The new minister, by contrast with Zagorodnuyk, has almost no interaction with the press, and, as it can be seen, is more busy doing endless Soviet-style inspections and ribbon-cutting rather than working on combating corruption and introducing strategic, systematic changes in the military.

Statements of his press service are again filled with standard bureaucratic talk instead of strict facts and informative messages on what’s being done at the ministry.

On the other hand, a very illustrative thing occurred on April 13: Taran with his decree officially eliminated the Reforms Project Office, a consulting volunteer body at the Ministry of Defense overseeing progressive reforms in the military. Many officials with reputations as strong reform advocates and supported by Zagorognyuk have already been kicked out in the very first weeks of Taran’s cadency.

Ukraine’s President Volodymyr Zelensky (C) meets new Defense Minister Andriy Taran (R) in the Verkhovna Rada on March 4, 2020. (Volodymyr Petrov)

Multiple sources in the ministry keep insisting that the very reason Zagorognyuk got booted was his confrontation with Zelensky’s chief of staff Andriy Yermak over new rounds of disengagement of forces in Donbas. Zagorodnyuk reportedly opposed the pullout proposal advanced by the Russian side in negotiations in Minsk, Belarus. As a result, Yermak allegedly lobbied Zelensky into the abrupt, situational dismissal of his defense minister.

This episode shows a lot about Zelensky: He is not a Ukrainian JFK. 

This was also something that could set a status quo for the country’s Defense Ministry in its post-Soviet stagnancy of imitated reforms that lead to nothing but an endless going around the circle.

For now on, no motivated top business manager from beyond the system would agree to come to the ministry and tackle that mess — knowing that in any given moment, he or she can be easily and rapidly booted by the wish of Zelensky’s yet another favorite standing close to his ear. 

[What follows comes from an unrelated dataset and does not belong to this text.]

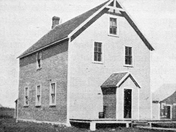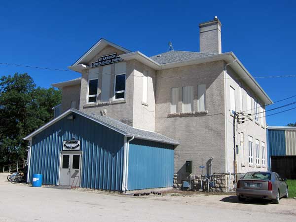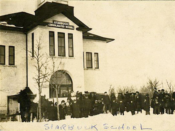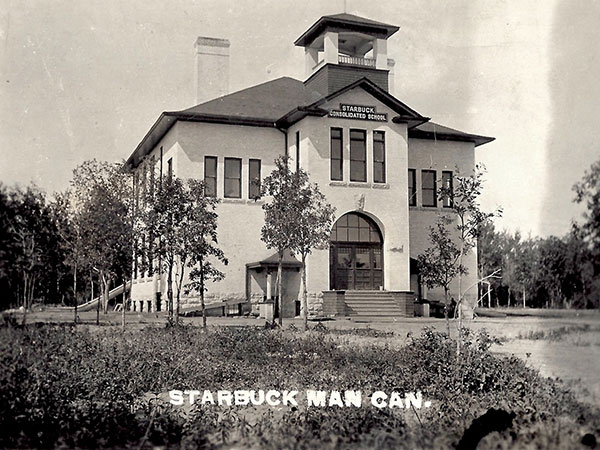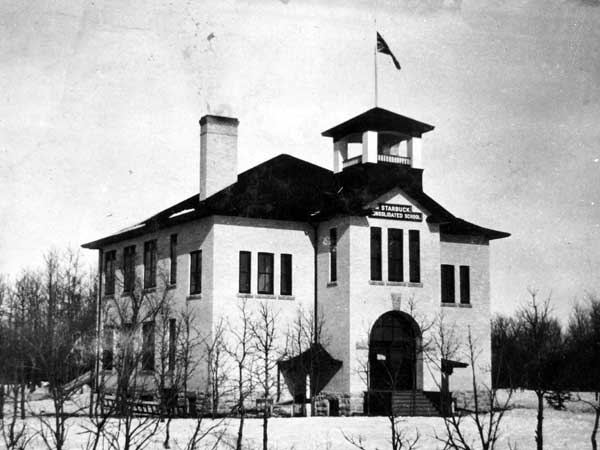 The Starbuck Consolidated School District was organized in August 1909 as a result of consolidation of Holyrood School No. 391, Kinlough School No. 784, and Starbuck School No. 1150. The 10-acre school site bordering the Lasalle River in Starbuck, in the Rural Municipality of Macdonald, was purchased at a cost of $1,000. In 1910, a two-storey building, designed by Winnipeg architect Eldred Dodsworth Tuttle, was constructed of white bricks on a stone foundation. It featured four classrooms, two on each floor, as well as a laboratory, a room for “storage of chemical and physical apparatus,” and a library. Two playrooms were located in the basement, along with two lavatories, a forced-air furnace room, a coal storage room, and a storeroom. The total cost of construction was $17,000 acquired by the sale of old school property and the issue of debentures. It opened in mid-November 1910 under principal Andrew Moore.

Any outsider knows that months of his or her work at the ministry could be flushed down the toilet, with no chances to actually being achieved. And that he or she will be put to public shaming as an incompetent government manager, just because the president is not capable of going beyond abrupt and ad-hoc decisions whispered by his circuit. 

From now on, no hypothetical Ukrainian McNamara would leave his hypothetical successful career in a hypothetical Ford Company for the sake of such unpromising prospects in the service of motherland. 

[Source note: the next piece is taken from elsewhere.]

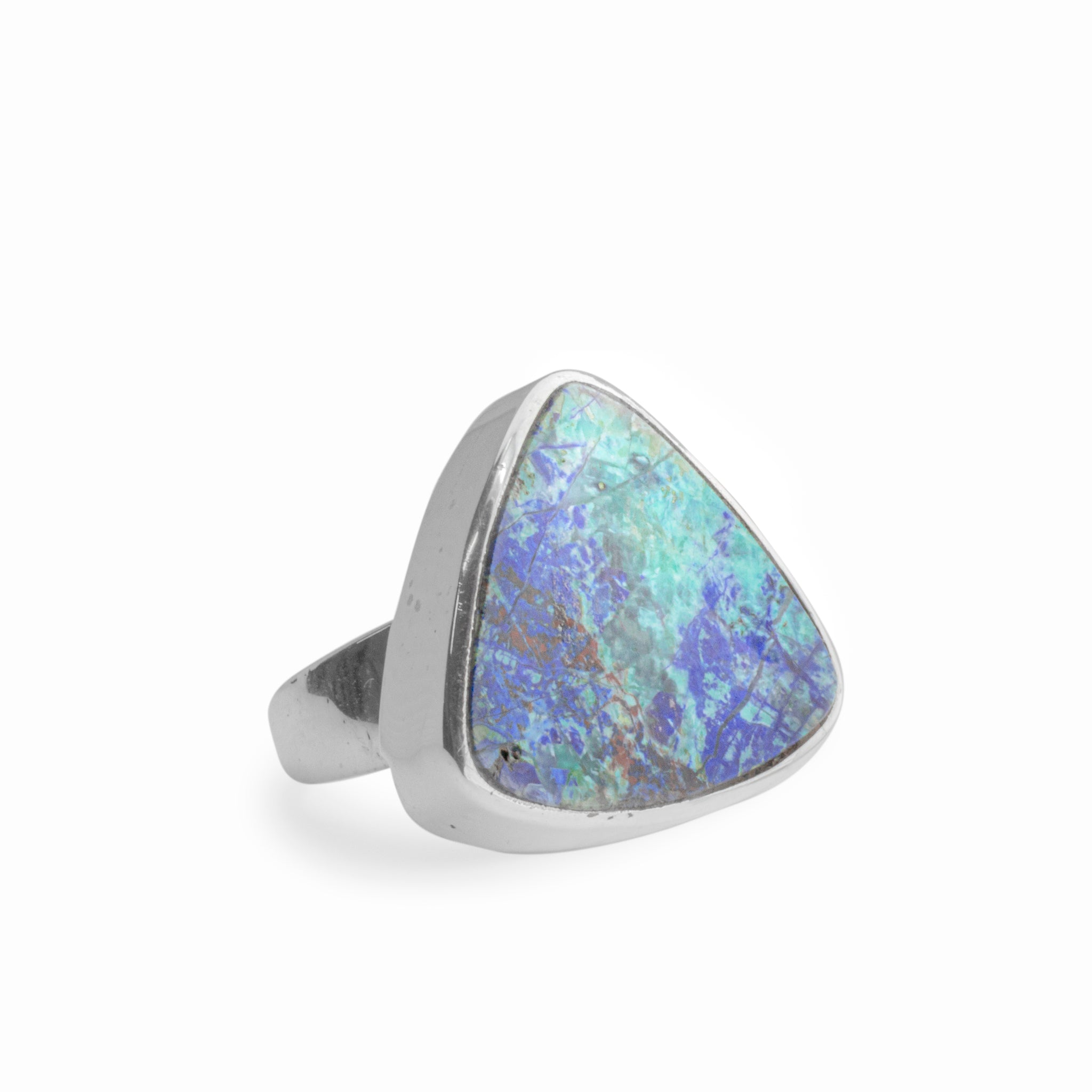 This beautiful triangular Azurite Turquoise ring has a stunning natural, intricate pattern, featuring bright blue, pale green and soft white. This is the perfect piece to add a hint of colour to your outfits. The gemstone's name refers to the deep azure-blue of the Mediterranean Sea. Wear Azurite Turquoise to increase your self-esteem and bring your chakras into alignment.

Instead of that, the top office in the Defense Ministry will always be eagerly accepted by the very same old post-Soviet apparatchiks — the ones who have stewed in this stagnation for 30 years, but now vow to turn the Ukrainian Armed Forces into the military force of the future.

(c) KyivPost

3 comments

  1. But Zagorodnuyk was dismissed by Zelensky in early March, after only six months in office — because, as sources quoted the president, Zagorodnuyk “did not prove quality of himself.”

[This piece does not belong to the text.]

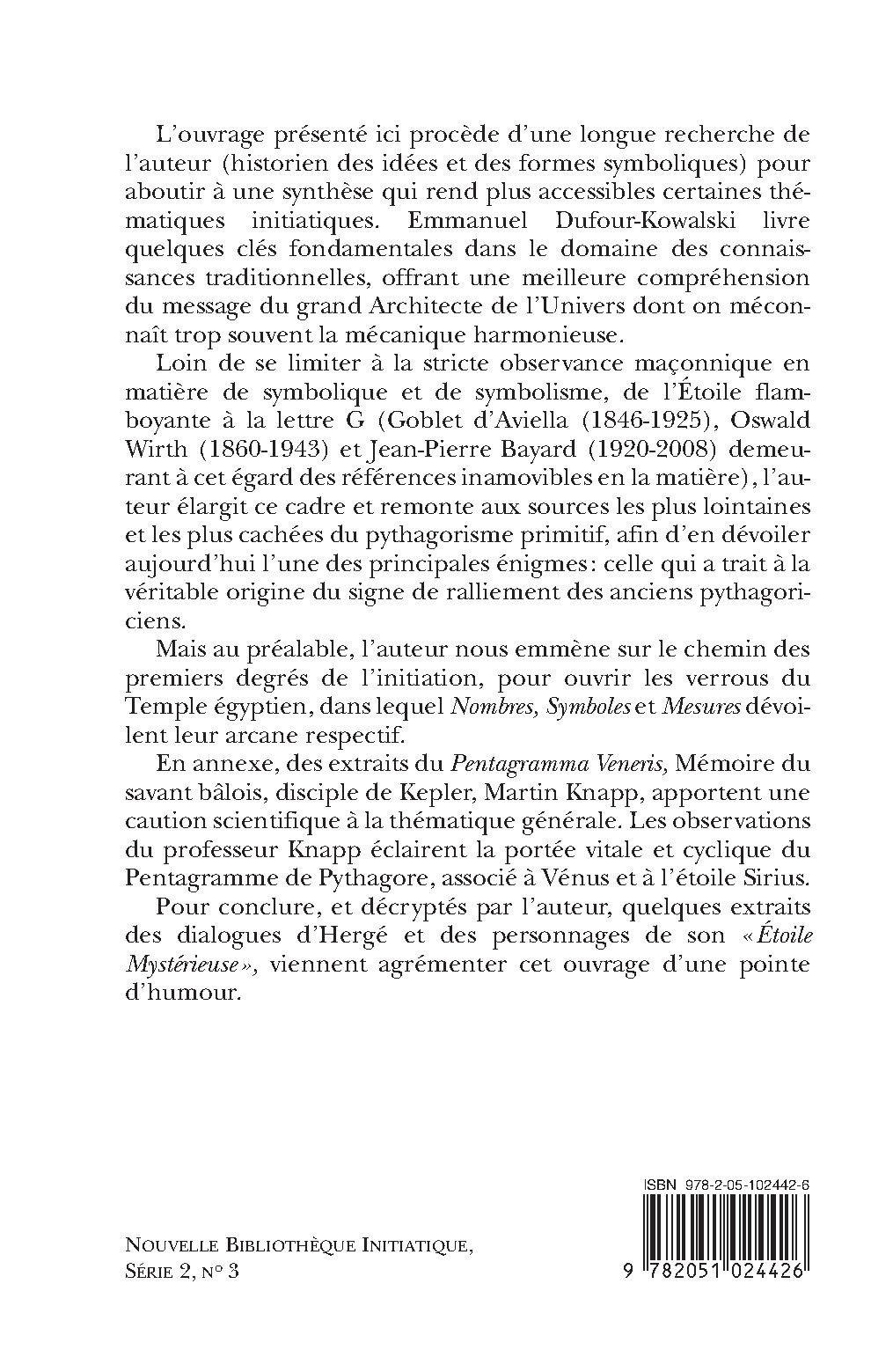 L’ouvrage présenté ici procède d’une longue recherche de l’auteur (historien des idées et des formes symboliques) pour aboutir à une synthèse qui rend plus accessibles certaines thématiques initiatiques. Emmanuel Dufour-Kowalski livre quelques clés fondamentales dans le domaine des connaissances traditionnelles, offrant une meilleure compréhension du message du grand Architecte de l’Univers dont on méconnaît trop souvent la mécanique harmonieuse. Loin de se limiter à la stricte observance maçonnique en matière de symbolique et de symbolisme, de l’Étoile flamboyante à la lettre G (Goblet d’Aviella (1846-1925), Oswald Wirth (1860-1943) et Jean-Pierre Bayard (1920-2008) demeurant à cet égard des références inamovibles en la matière), l’auteur élargit ce cadre et remonte aux sources les plus lointaines et les plus cachées du pythagorisme primitif, afin d’en dévoiler aujourd’hui l’une des principales énigmes : celle qui a trait à la véritable origine du signe de ralliement des anciens pythagoriciens. Mais au préalable, l’auteur nous emmène sur le chemin des premiers degrés de l’initiation, pour ouvrir les verrous du Temple égyptien, dans lequel Nombres, Symboles et Mesures dévoilent leur arcane respectif. En annexe, des extraits du Pentagramma Veneris, Mémoire du savant bâlois, disciple de Kepler, Martin Knapp, apportent une caution scientifique à la thématique générale. Les observations du professeur Knapp éclairent la portée vitale et cyclique du Pentagramme de Pythagore, associé à Vénus et à l’étoile Sirius. Pour conclure, et décryptés par l’auteur, quelques extraits des dialogues d’Hergé et des personnages de son «Étoile Mystérieuse », viennent agrémenter cet ouvrage d’une pointe d’humour.

    Zelensky needs to follow his own criteria for firing ministers, and fire himself. He’s the most useless corrupt president Ukraine ever had. In fact he’s president by name only, and couldn’t run a piss-up in a brewery.

  2. Why would you appoint a capable and qualified person when you are at war with Russia, the one but most powerful army in the world, if you can also appoint an old and incompetent guy?

    I think Zelensky has a very unique kind of logic.

  3. Here is Tarans answer to military reforem:
    Ukrainian Defense Minister Andriy Taran has enacted the expiration of his predecessor Stepan Poltorak’s March 2019 decree on army reform. Read also U.S., Ukrainian defense ministers discuss strategic partnership by phone “To recognize Ukrainian Defense Ministry Decree No. 141 dated March 29, 2019, on the transformation of the joint leadership of the defense and military command in the Armed Forces of Ukraine as no longer in effect since it has been implemented,” according to a document signed by Taran on March 31, 2020, and posted on the ministry’s website.

    Read more on UNIAN: https://www.unian.info/politics/10953842-ukraine-s-defense-minister-enacts-expiration-of-his-predecessor-s-reformist-decree-as-implemented.html

    So much for integrating with the west and NATO.